[HN Gopher] Show HN: ML paper podcast generator using GPT and To...
       ___________________________________________________________________
        
       Show HN: ML paper podcast generator using GPT and Tortoise-TTS
        
       I built a pipeline that turns tweets about ML papers into a
       podcast.  Code's up here. Happy hacking.
       https://github.com/yacineMTB/scribepod
        
       Author : yacine_
       Score  : 55 points
       Date   : 2023-01-27 17:59 UTC (5 hours ago)
        
 (HTM) web link (scribepod.substack.com)
 (TXT) w3m dump (scribepod.substack.com)
        
       | ax8080 wrote:
       | WOW! What do you use to generate voice?
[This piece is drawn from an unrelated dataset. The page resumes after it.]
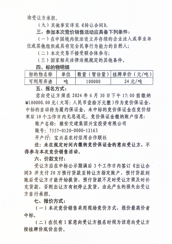 雅安交建集團(tuán)興寶投資有限公司寶興縣靈關(guān)鎮(zhèn)代碑寺土地整理項(xiàng)目10萬(wàn)噸可利用棄渣競(jìng)價(jià)銷售公告(2024.6.21)
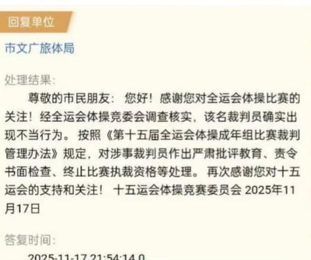 11月18日,现场不雅众告诉记者,11月17日晚,十五运会体操竞赛委员会恢复了她:该名裁判照实出现不当手脚,按照法例,对涉事评判员作出严肃月旦教师、责令书面查验、间隔比赛执裁履历等不休。

It's SO scary similar to
       | real podcasts. I couldn't find it in a minute in the sources.
        
         | ax8080 wrote:
         | and it's funny how sometimes it makes ahhrhrhrhrhhhhh sounds
         | what is the reason behind that?
        
           | nielsinho wrote:
           | It happens quite often with TorToiSe that it collapses in
           | this way. Especially for unseen tokens that wouldn't have
           | appeared in the training data, which likely consisted of a
           | lot of transcribed stuff and read text like audio books.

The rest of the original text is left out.